╔══
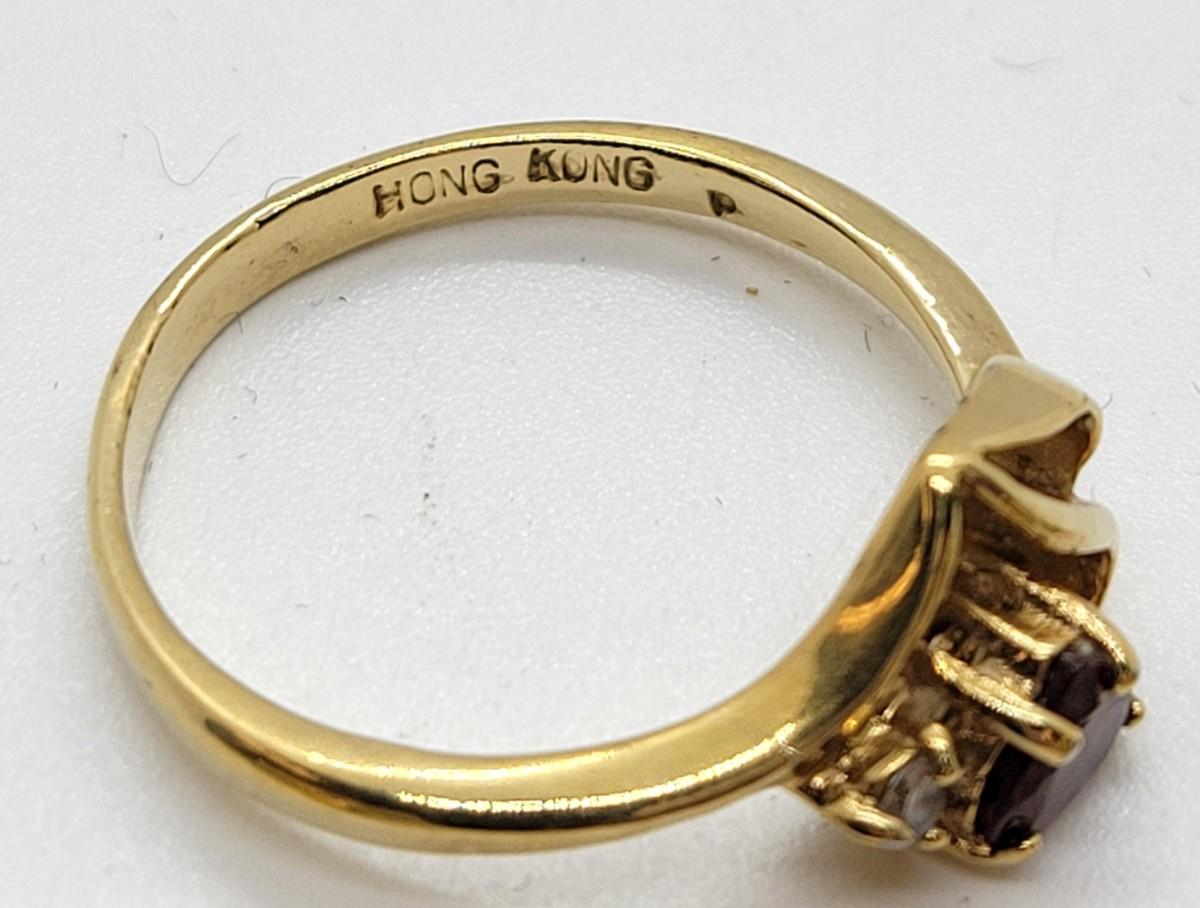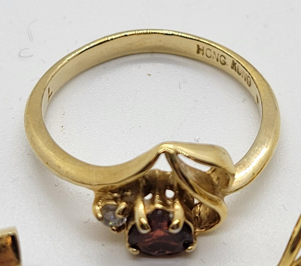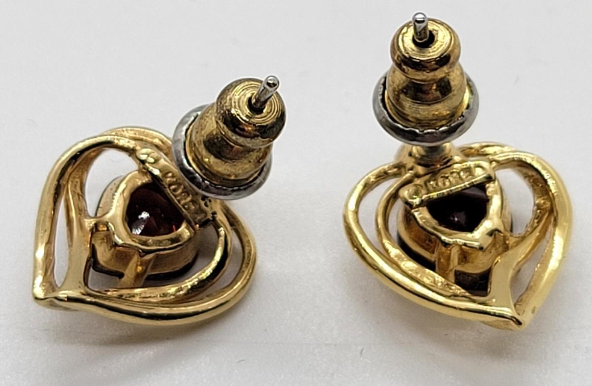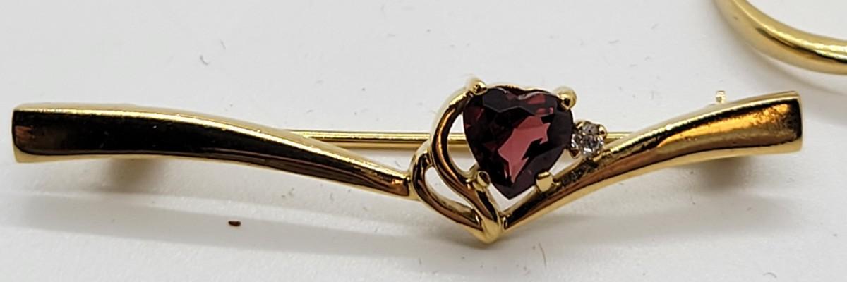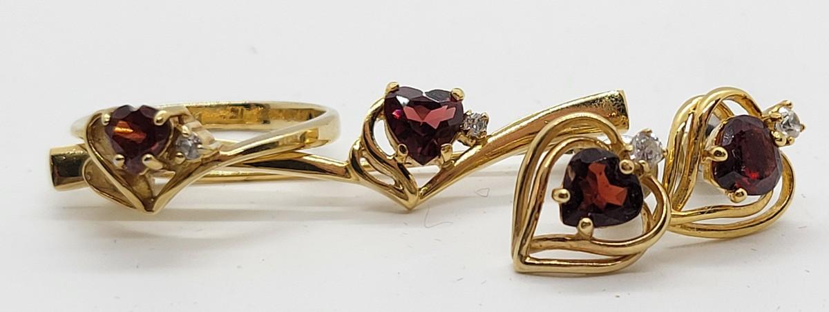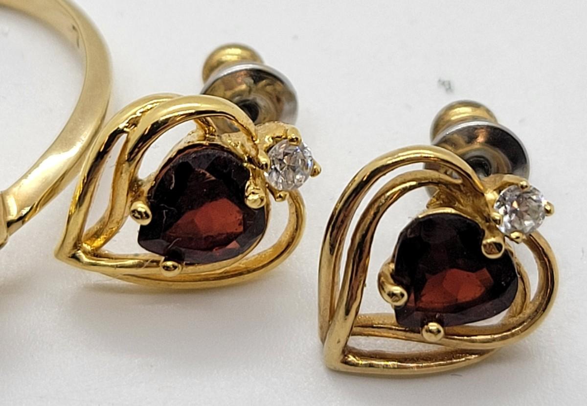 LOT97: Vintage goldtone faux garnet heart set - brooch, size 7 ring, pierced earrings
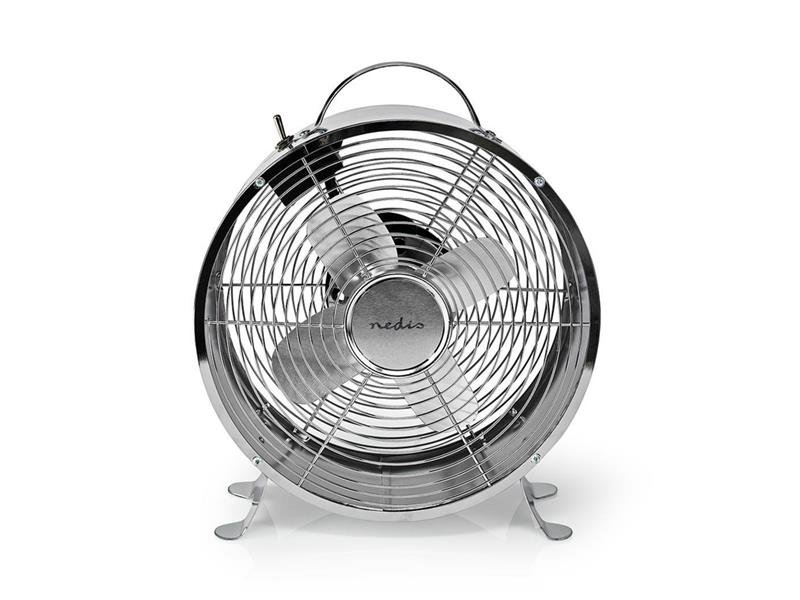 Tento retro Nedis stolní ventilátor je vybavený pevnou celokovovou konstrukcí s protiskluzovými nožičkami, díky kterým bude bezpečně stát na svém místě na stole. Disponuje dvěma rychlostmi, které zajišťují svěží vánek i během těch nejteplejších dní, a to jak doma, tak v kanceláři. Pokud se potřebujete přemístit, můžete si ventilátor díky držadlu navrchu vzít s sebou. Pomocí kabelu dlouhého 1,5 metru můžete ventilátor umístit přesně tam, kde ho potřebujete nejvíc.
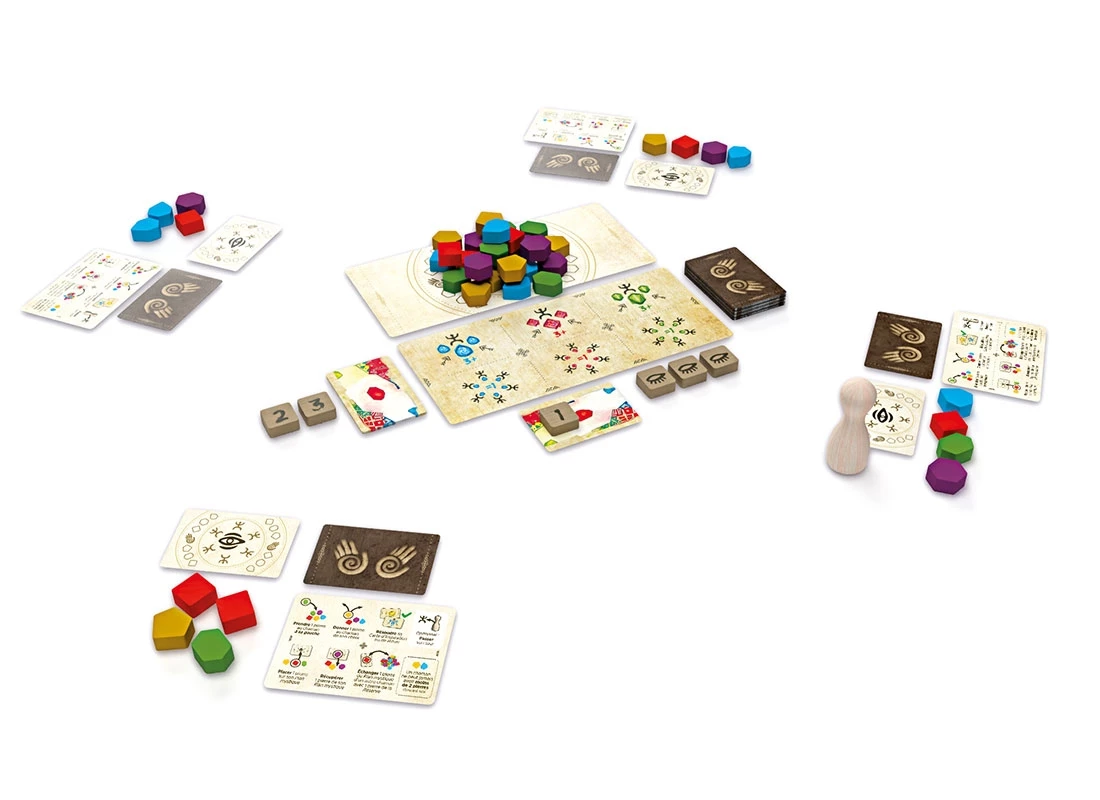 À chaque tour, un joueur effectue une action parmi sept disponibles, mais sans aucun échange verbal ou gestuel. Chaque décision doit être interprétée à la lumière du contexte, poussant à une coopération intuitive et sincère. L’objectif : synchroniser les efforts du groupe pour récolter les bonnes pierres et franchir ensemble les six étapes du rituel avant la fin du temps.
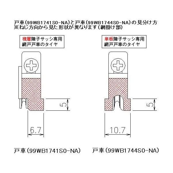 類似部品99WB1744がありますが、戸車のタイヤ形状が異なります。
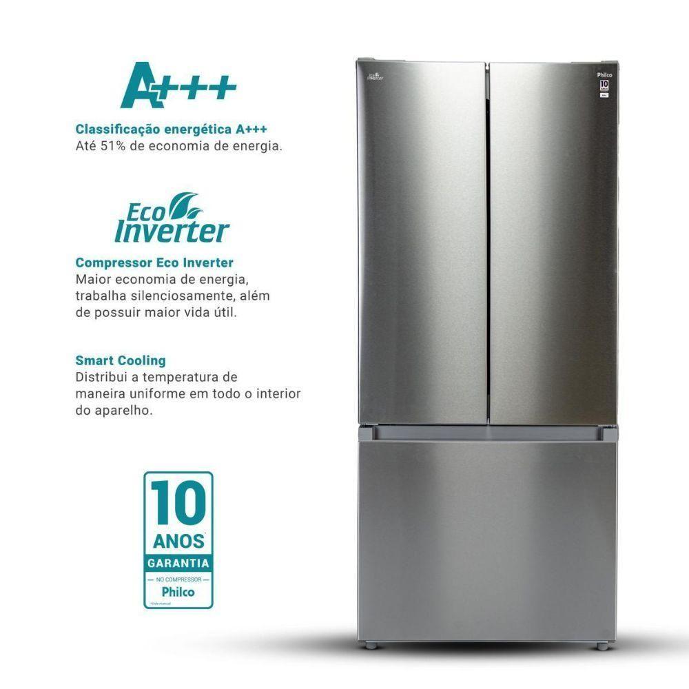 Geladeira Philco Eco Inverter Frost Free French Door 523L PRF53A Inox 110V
╚══
→ **Problem**
Give the listing again word for word. Skip any pictures.

→ **Answer section**
 LOT97: Vintage goldtone faux garnet heart set - brooch, size 7 ring, pierced earrings
 Tento retro Nedis stolní ventilátor je vybavený pevnou celokovovou konstrukcí s protiskluzovými nožičkami, díky kterým bude bezpečně stát na svém místě na stole. Disponuje dvěma rychlostmi, které zajišťují svěží vánek i během těch nejteplejších dní, a to jak doma, tak v kanceláři. Pokud se potřebujete přemístit, můžete si ventilátor díky držadlu navrchu vzít s sebou. Pomocí kabelu dlouhého 1,5 metru můžete ventilátor umístit přesně tam, kde ho potřebujete nejvíc.
 À chaque tour, un joueur effectue une action parmi sept disponibles, mais sans aucun échange verbal ou gestuel. Chaque décision doit être interprétée à la lumière du contexte, poussant à une coopération intuitive et sincère. L’objectif : synchroniser les efforts du groupe pour récolter les bonnes pierres et franchir ensemble les six étapes du rituel avant la fin du temps.
 類似部品99WB1744がありますが、戸車のタイヤ形状が異なります。
 Geladeira Philco Eco Inverter Frost Free French Door 523L PRF53A Inox 110V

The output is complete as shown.